Thursday, August 8, 2013

Is That In The Bible? 4

~ “To Thine Own Self Be True” ~

This posting is a response to a blog entitled “7 Things You Won’t Find in the Bible… I Dare You to Look.” I am taking that challenge! The fourth listed phrase was “To thine own self be true.” I would agree that the phrase is not found in our English Bible—but what about the principle behind the phrase?

Words by themselves are meaningless—it is only when we attach meaning to the words that communication occurs.
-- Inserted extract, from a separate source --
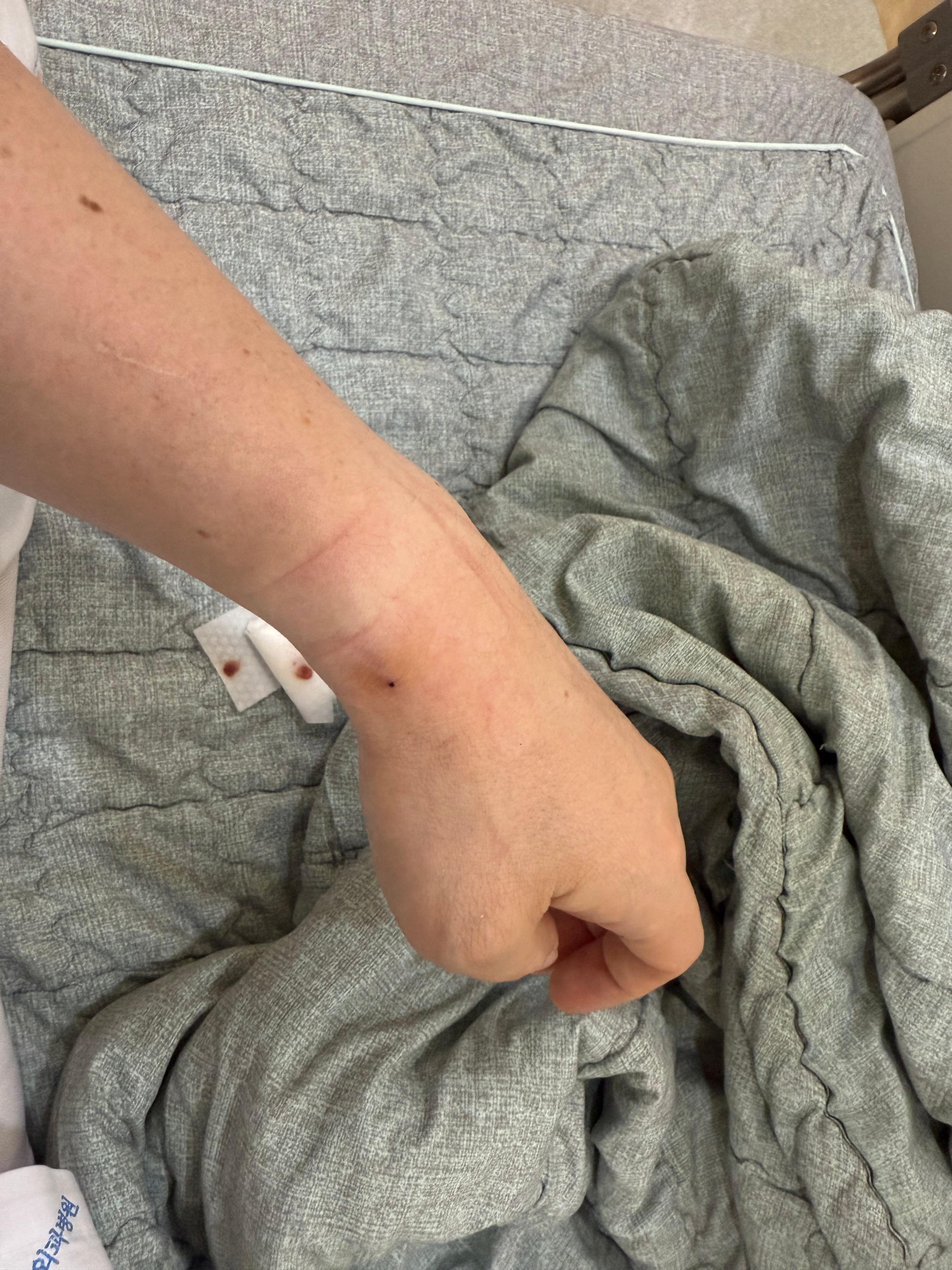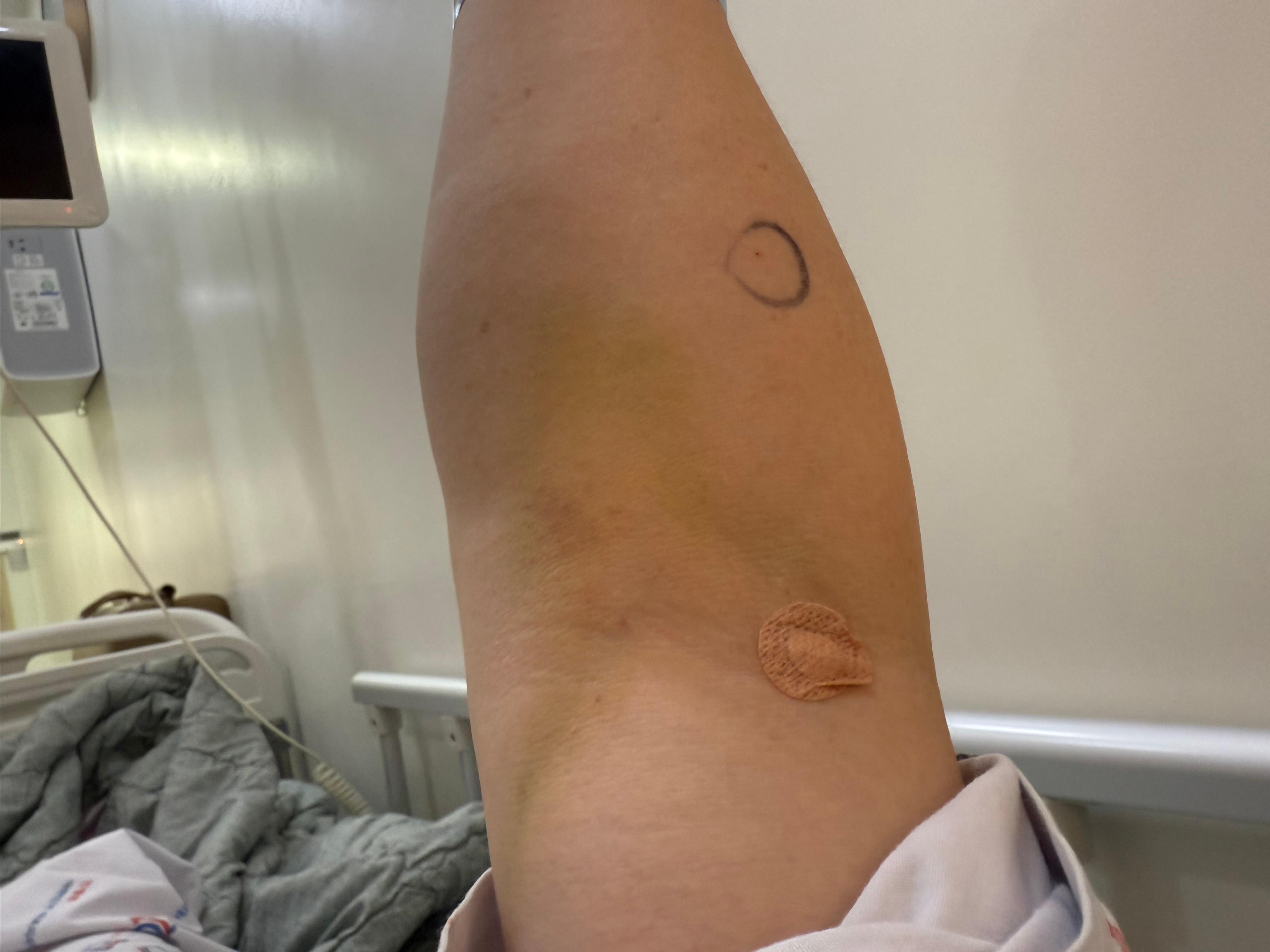 수많은 피검사와 항생제 검사로 인해 멍으로 가득해진 오른팔,

The principle behind this phrase can be found in the Bible, but the phrase can be heresy when different meanings are behind the words and the phrase. 

“To Thine Own Self Be True”  ~  The author of that piece supported his position with the following. “When prompting people to follow their conscience on matters, the oft-touted ‘To thine own self be true’ is occasionally cited as a Biblical recommendation. In truth, this saying originates in the Shakespearean tragedy Hamlet. Polonius, the older counselor of Prince Hamlet's uncle, King Claudius, is in the midst of dispensing advice to his son Laertes (who was about to leave Denmark and return to France) when he speaks forth the famous line: ‘This above all things: to thine own self be true’ (Hamlet, 3.1.81).”
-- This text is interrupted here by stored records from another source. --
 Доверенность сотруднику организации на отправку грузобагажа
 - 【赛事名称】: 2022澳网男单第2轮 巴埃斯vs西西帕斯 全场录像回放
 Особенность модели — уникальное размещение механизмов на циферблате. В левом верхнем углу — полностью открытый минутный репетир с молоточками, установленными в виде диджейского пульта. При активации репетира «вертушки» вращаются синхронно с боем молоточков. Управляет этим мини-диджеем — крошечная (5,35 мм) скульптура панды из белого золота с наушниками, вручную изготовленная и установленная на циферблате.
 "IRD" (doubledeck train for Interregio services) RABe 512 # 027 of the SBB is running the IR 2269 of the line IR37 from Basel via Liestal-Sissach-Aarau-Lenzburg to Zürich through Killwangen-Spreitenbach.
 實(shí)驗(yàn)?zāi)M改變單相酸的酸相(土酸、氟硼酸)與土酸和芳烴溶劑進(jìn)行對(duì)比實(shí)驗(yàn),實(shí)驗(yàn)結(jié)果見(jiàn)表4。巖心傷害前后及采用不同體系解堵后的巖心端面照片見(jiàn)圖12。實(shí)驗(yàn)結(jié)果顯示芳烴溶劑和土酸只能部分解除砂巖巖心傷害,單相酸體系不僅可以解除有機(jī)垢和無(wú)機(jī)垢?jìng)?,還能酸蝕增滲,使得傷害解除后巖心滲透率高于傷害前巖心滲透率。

To that blogger’s credit, he goes on to say, “But really how good is Polonius's advice? Scripturally, we can only trust our conscience to guide us as far as it is being informed by the Spirit of God. Men, of their natural selves, are entirely corrupted; and so, to hold true to themselves would be to choose poorly indeed. Rather, we should seek God in prayer and ask Him to guide us in the paths of righteousness (cf. Psalm 23:3).”  

A clear message of the Word of God is that God wants integrity of character in His children above all else. Character is more important than performance or external results!

King David knew this, “I know, my God, that You test the heart and are pleased with my integrity” (1 Chronicles 29:17). 

Consider also, “The man of integrity walks securely, but he who takes crooked paths will be found out” (Proverbs 10:9). “The integrity of the upright guides them, but the unfaithful are destroyed by their duplicity” (Proverbs 11:3). “Righteousness guards the man of integrity, but wickedness overthrows the sinner” (Proverbs 13:6). 

For the Lord does not see as man sees; for man looks at the outward appearance, but the Lord looks at the heart" (1 Samuel 16:7b).

If “to thine own self be true” is talking about walking consistently according to the directions of Scripture—about walking in integrity, then certainly this principle is from the Bible.

~ Robert Lloyd Russell, ABUNDANT LIFE NOW


  1. Caution must be taken, though, when taking this phrase (to thine own self be true) to heart in our own lives. I've read it used by people whose witness send me to the Bible to re-read:

    There is a way which seemeth right unto a man, but the end thereof are the ways of death.
    (Proverbs 14:12 KJV)

  2. Phyllis,
    Thank you for your important comment. I agree completely!! Words have meanings and the meanings we apply to those words are what are important. Communication problems occur when the speaker and hearer have different meanings for the same words.
    Blessings to you and your ministry.